Task brief: Retype only the lines below from the one with "All of us were" to the one with "Táto vianočná figúrka", inclusive, skipping every image.

(Beginning of Excerpted data)

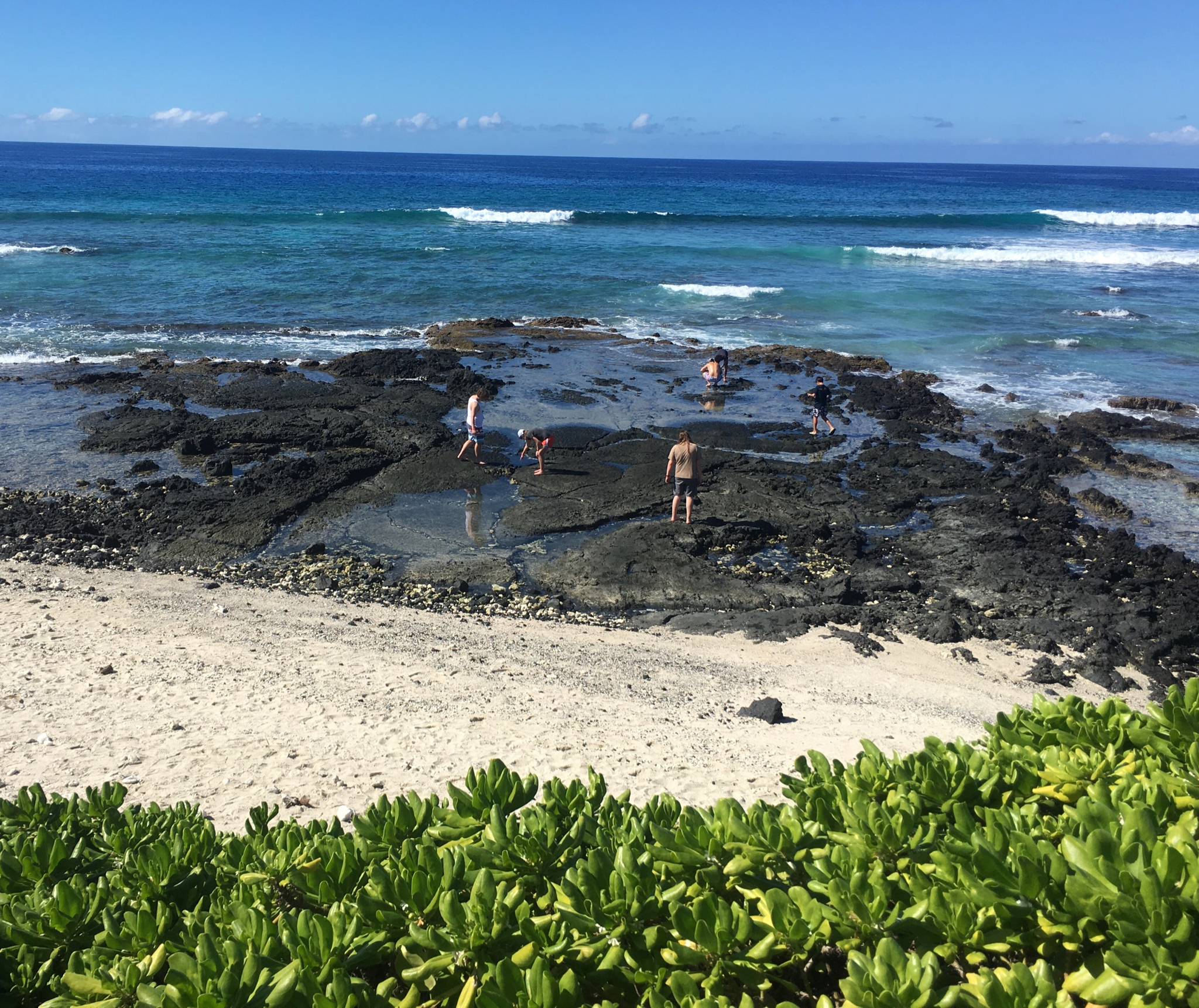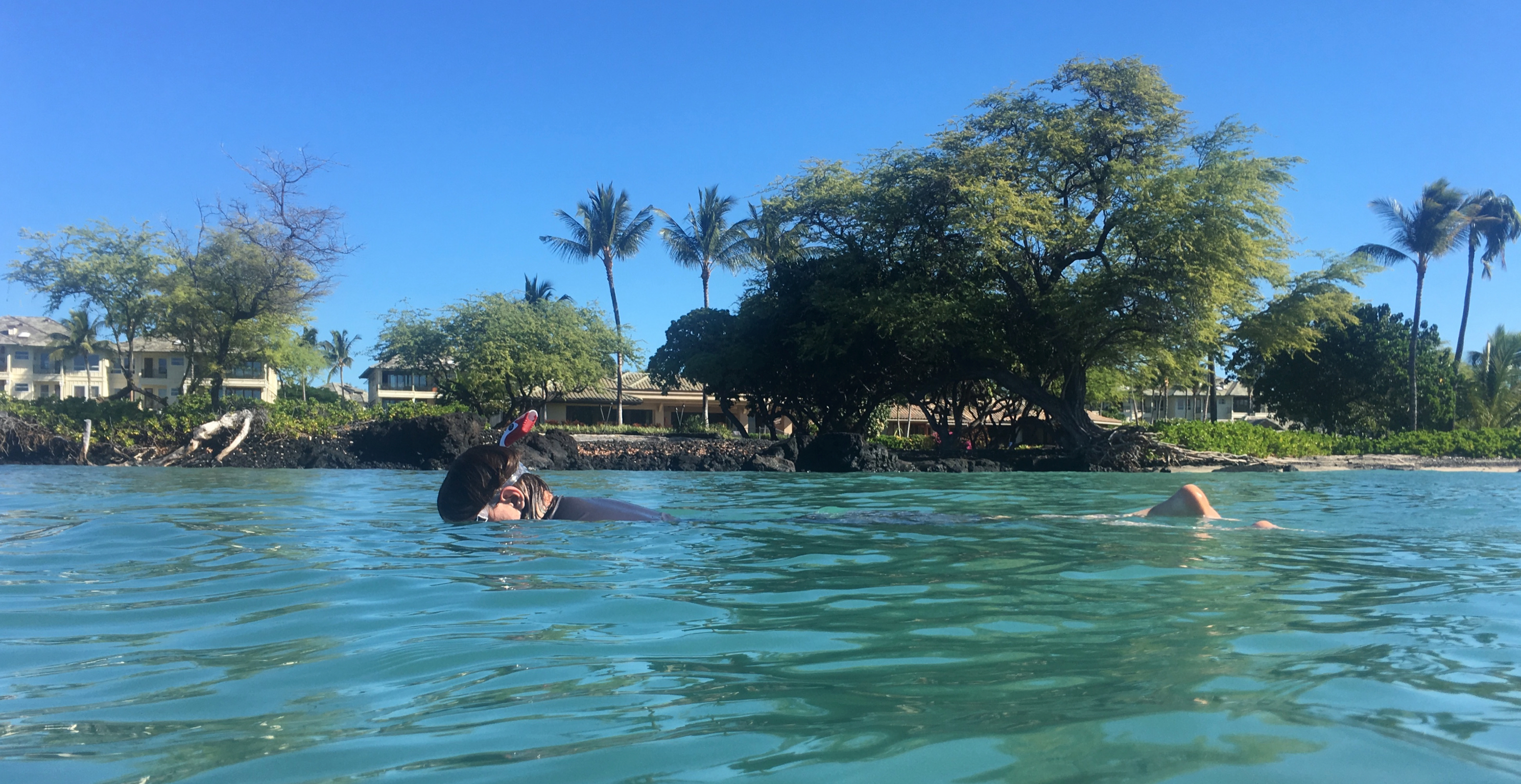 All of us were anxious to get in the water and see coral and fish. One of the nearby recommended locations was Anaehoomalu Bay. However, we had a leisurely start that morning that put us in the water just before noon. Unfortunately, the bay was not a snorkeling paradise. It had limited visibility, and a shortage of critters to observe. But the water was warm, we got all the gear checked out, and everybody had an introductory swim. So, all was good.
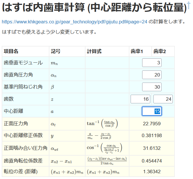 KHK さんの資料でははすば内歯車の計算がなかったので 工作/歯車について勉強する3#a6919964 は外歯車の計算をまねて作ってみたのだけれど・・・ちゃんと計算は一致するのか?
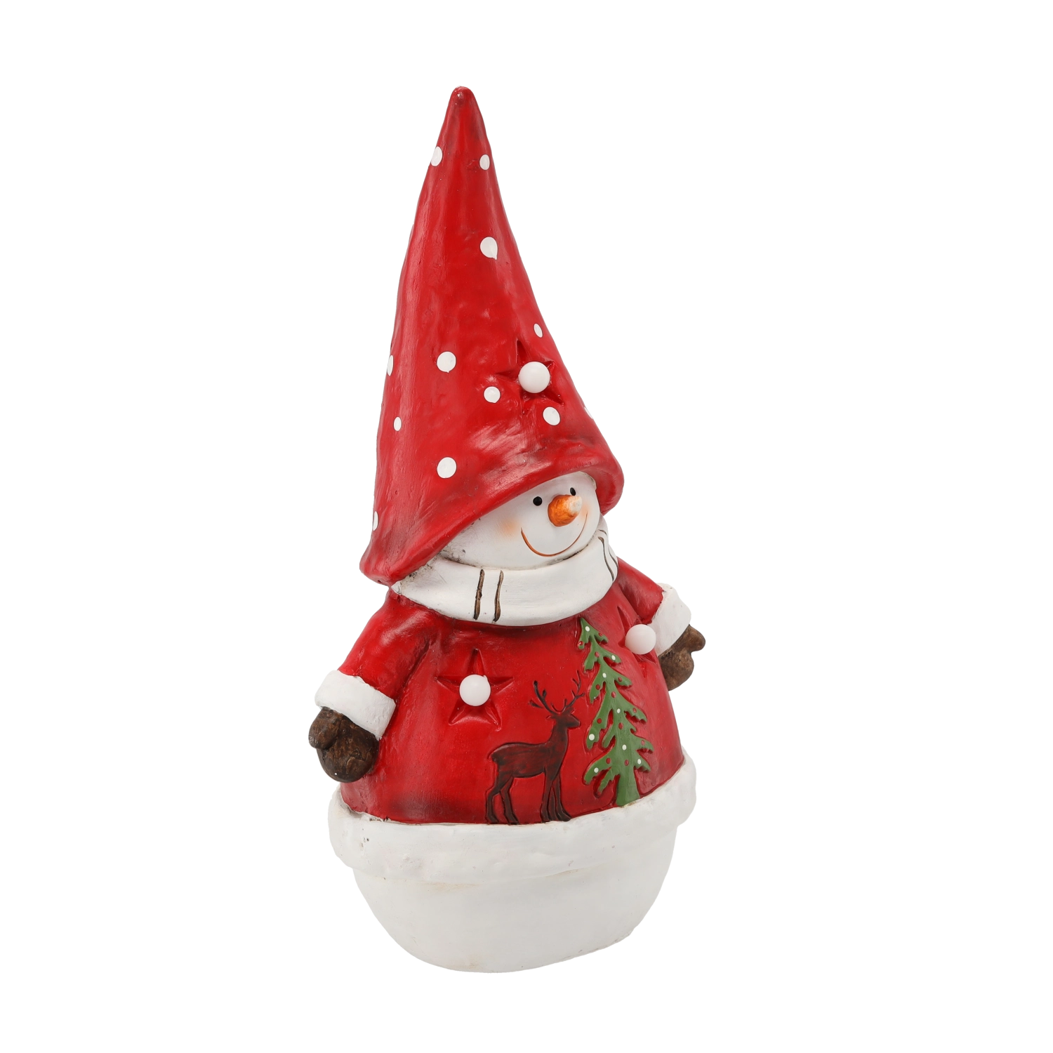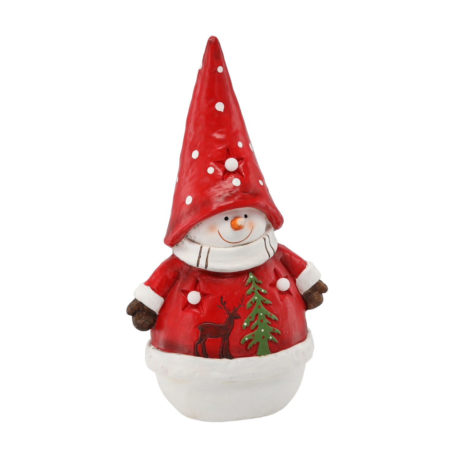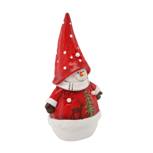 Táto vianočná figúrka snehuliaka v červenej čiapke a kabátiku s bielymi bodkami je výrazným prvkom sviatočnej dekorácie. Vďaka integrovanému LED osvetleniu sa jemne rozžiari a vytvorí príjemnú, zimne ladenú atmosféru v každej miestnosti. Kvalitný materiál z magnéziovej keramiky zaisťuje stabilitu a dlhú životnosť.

(End of Excerpted data)
(Beginning of Excerpted data)

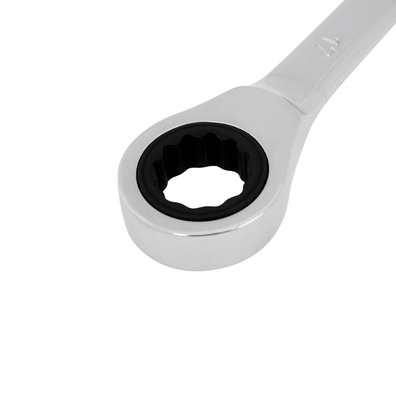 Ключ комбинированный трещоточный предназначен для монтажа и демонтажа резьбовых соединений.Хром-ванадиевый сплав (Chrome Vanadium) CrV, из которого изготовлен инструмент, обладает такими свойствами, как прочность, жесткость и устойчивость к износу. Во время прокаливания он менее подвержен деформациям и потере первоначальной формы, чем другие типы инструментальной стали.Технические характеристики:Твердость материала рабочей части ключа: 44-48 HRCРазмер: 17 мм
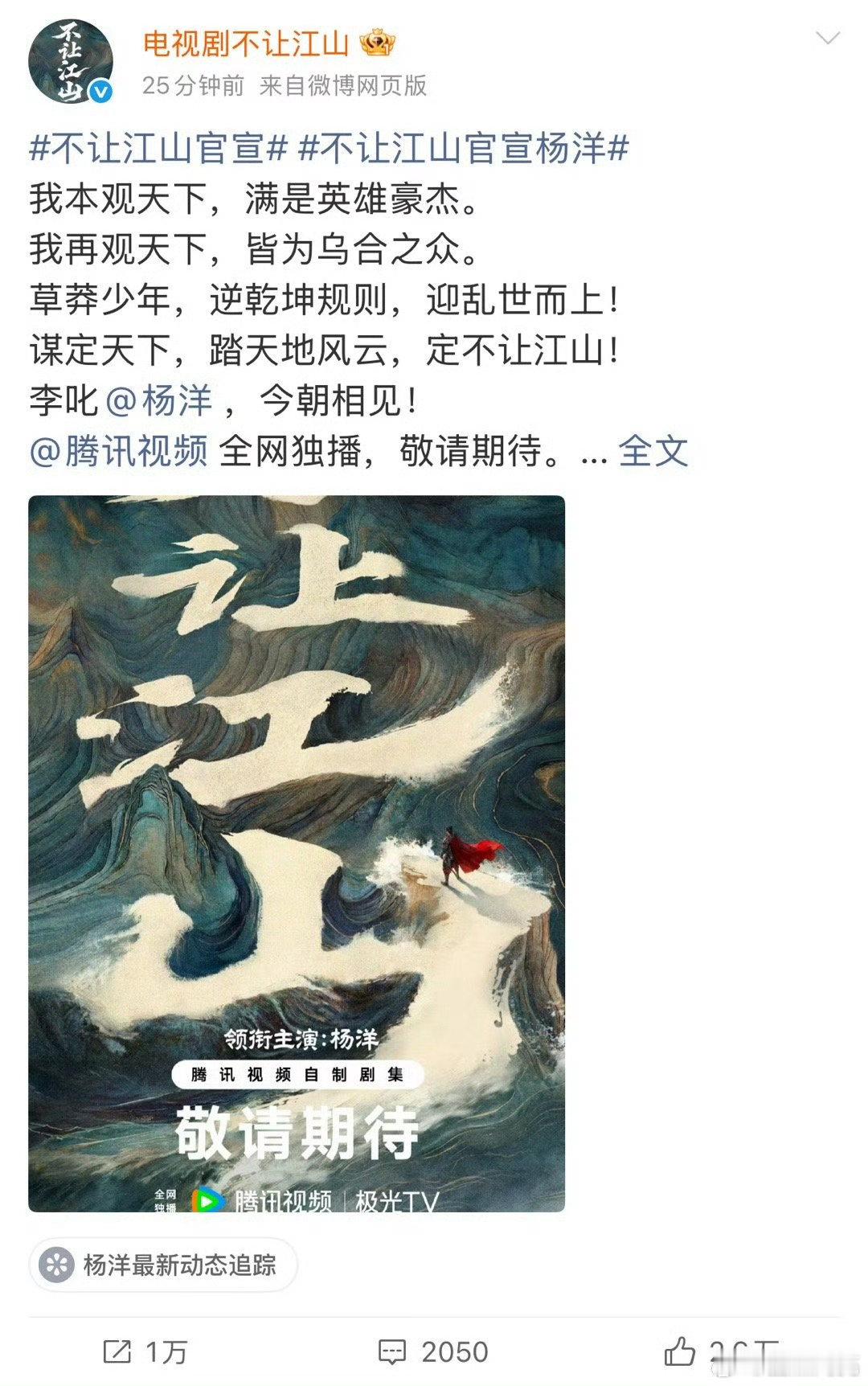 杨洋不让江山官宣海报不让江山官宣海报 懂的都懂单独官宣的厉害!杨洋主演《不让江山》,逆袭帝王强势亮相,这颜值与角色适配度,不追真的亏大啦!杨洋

(End of Excerpted data)

Output for this exercise:
 All of us were anxious to get in the water and see coral and fish. One of the nearby recommended locations was Anaehoomalu Bay. However, we had a leisurely start that morning that put us in the water just before noon. Unfortunately, the bay was not a snorkeling paradise. It had limited visibility, and a shortage of critters to observe. But the water was warm, we got all the gear checked out, and everybody had an introductory swim. So, all was good.
 KHK さんの資料でははすば内歯車の計算がなかったので 工作/歯車について勉強する3#a6919964 は外歯車の計算をまねて作ってみたのだけれど・・・ちゃんと計算は一致するのか?
 Táto vianočná figúrka snehuliaka v červenej čiapke a kabátiku s bielymi bodkami je výrazným prvkom sviatočnej dekorácie. Vďaka integrovanému LED osvetleniu sa jemne rozžiari a vytvorí príjemnú, zimne ladenú atmosféru v každej miestnosti. Kvalitný materiál z magnéziovej keramiky zaisťuje stabilitu a dlhú životnosť.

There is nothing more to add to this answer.